[Work request] Type the records that follow again exactly as written, but drop the pictures.

Dataset excerpts
=-=-=-=-=
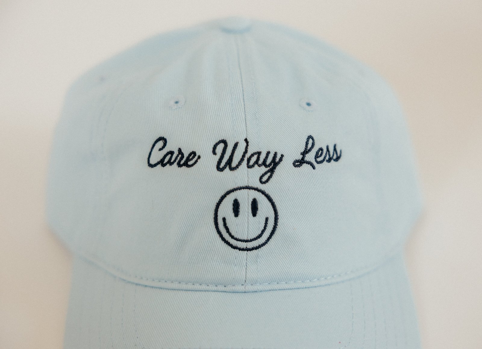 💬 Embroidered with “Care Way Less” and smiley face
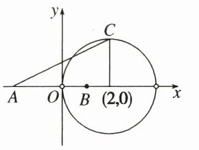 圆$C:(x - 4)^2 + y^2 = 4$,可得$C(4,0)$,
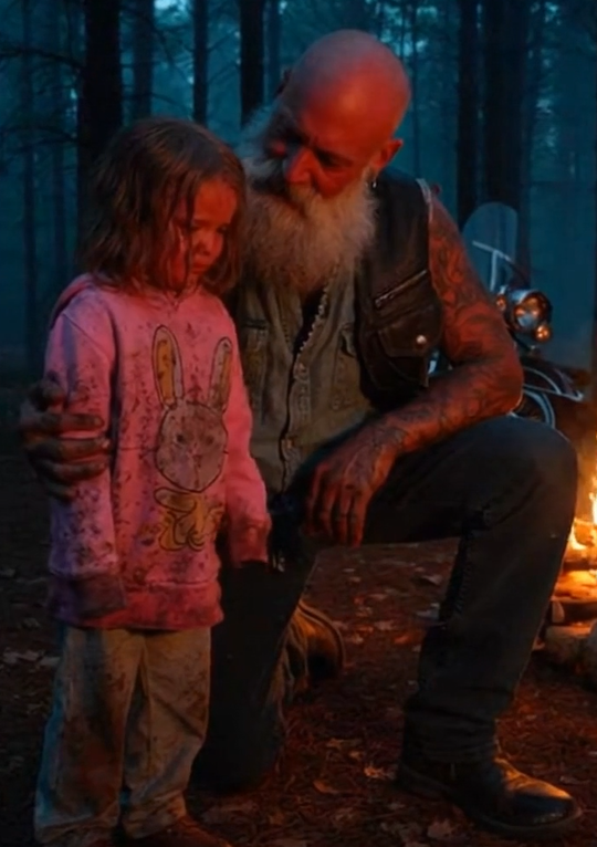 Flashing lights cut through the trees before they reached the bikes. Relief has a color, and that night it was red and blue. Her parents ran forward, voices breaking, tears spilling freely as they dropped to their knees. The biker gently set her down, and she disappeared into their arms like she’d never let go again.
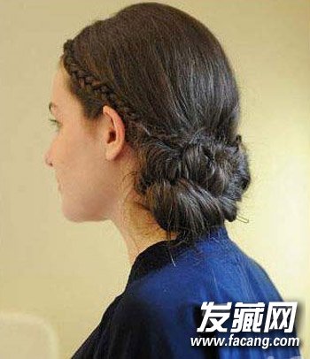 step 5:将脑后扎成的鱼尾辫盘成简单的发髻,这款优雅端庄的鱼尾麻花辫
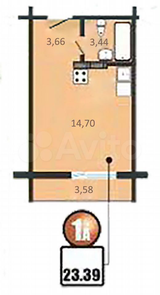 - Общая площадь 23.5 м2
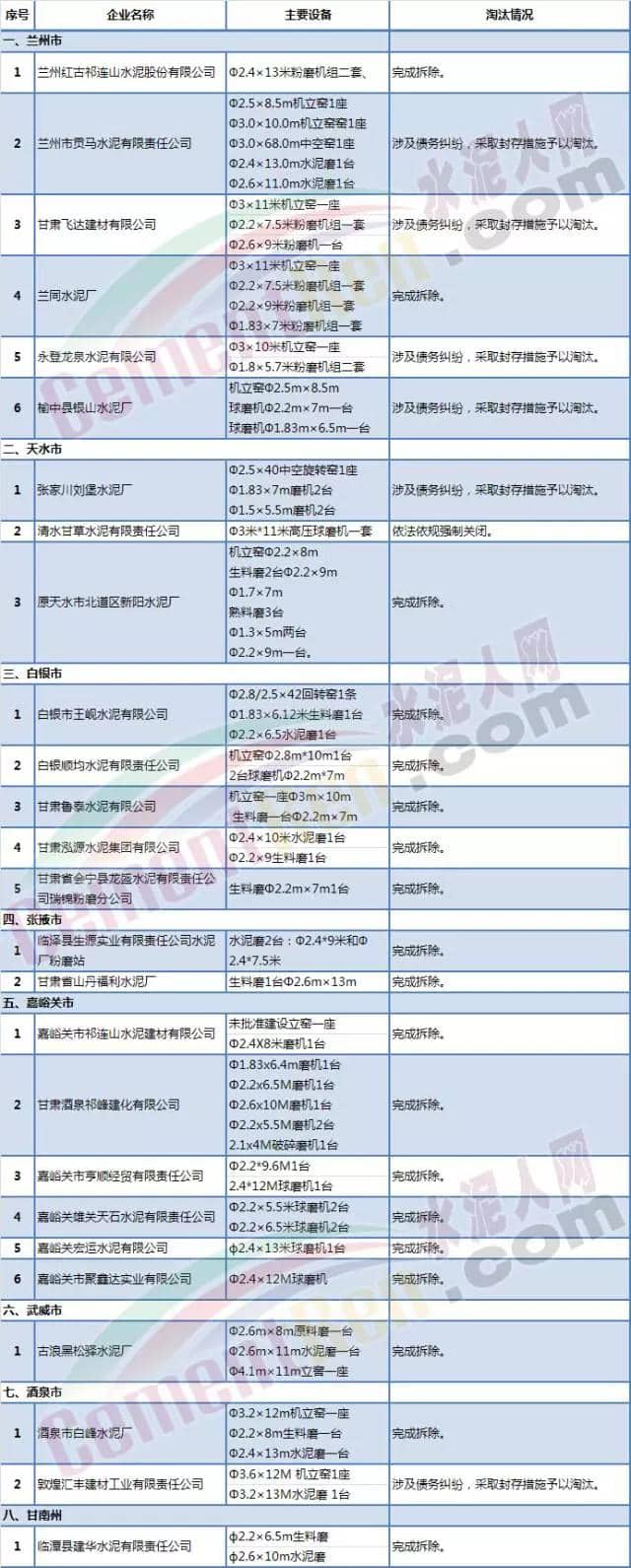 甘肅省水泥落后產(chǎn)能淘汰完成情況表
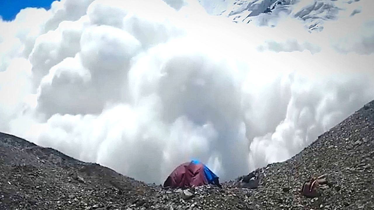 Am G1/G2-Basislager im Karakorum-Gebirge im Himalaya filmten Bergsteiger den Moment, als eine gewaltige Lawine zu Tal donnerte. Eine riesige weiße Wolke raste auf die Kletterer zu.
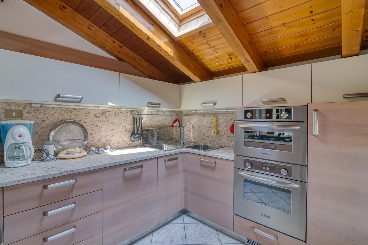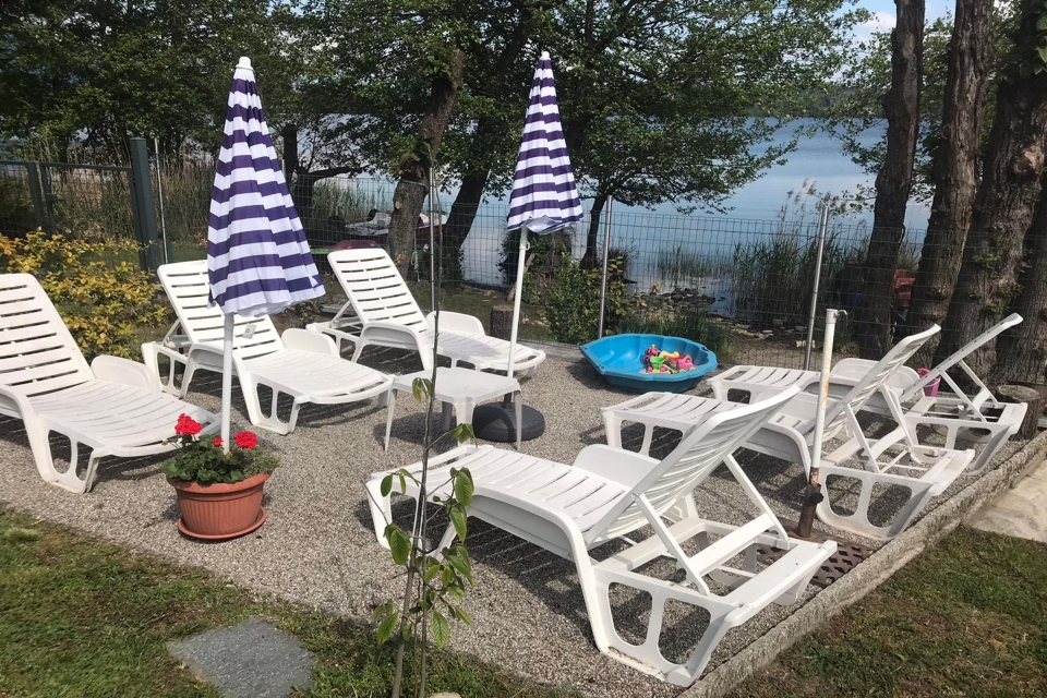 Peacefully located on the top floor of a newly built, rustic-style villa this spacious apartment comfortably sleeps four guests and enjoys the use of a pretty lakeside garden with sun loungers and an alfresco dining area. Guests can also enjoy a private beach where they will find a bathroom with a shower. The beach is 800m from the apartment and access can be arranged directly with the owners who live in the ground-floor apartment.
=-=-=-=-=
[Problem solution]
 💬 Embroidered with “Care Way Less” and smiley face
 圆$C:(x - 4)^2 + y^2 = 4$,可得$C(4,0)$,
 Flashing lights cut through the trees before they reached the bikes. Relief has a color, and that night it was red and blue. Her parents ran forward, voices breaking, tears spilling freely as they dropped to their knees. The biker gently set her down, and she disappeared into their arms like she’d never let go again.
 step 5:将脑后扎成的鱼尾辫盘成简单的发髻,这款优雅端庄的鱼尾麻花辫
 - Общая площадь 23.5 м2
 甘肅省水泥落后產(chǎn)能淘汰完成情況表
 Am G1/G2-Basislager im Karakorum-Gebirge im Himalaya filmten Bergsteiger den Moment, als eine gewaltige Lawine zu Tal donnerte. Eine riesige weiße Wolke raste auf die Kletterer zu.
 Peacefully located on the top floor of a newly built, rustic-style villa this spacious apartment comfortably sleeps four guests and enjoys the use of a pretty lakeside garden with sun loungers and an alfresco dining area. Guests can also enjoy a private beach where they will find a bathroom with a shower. The beach is 800m from the apartment and access can be arranged directly with the owners who live in the ground-floor apartment.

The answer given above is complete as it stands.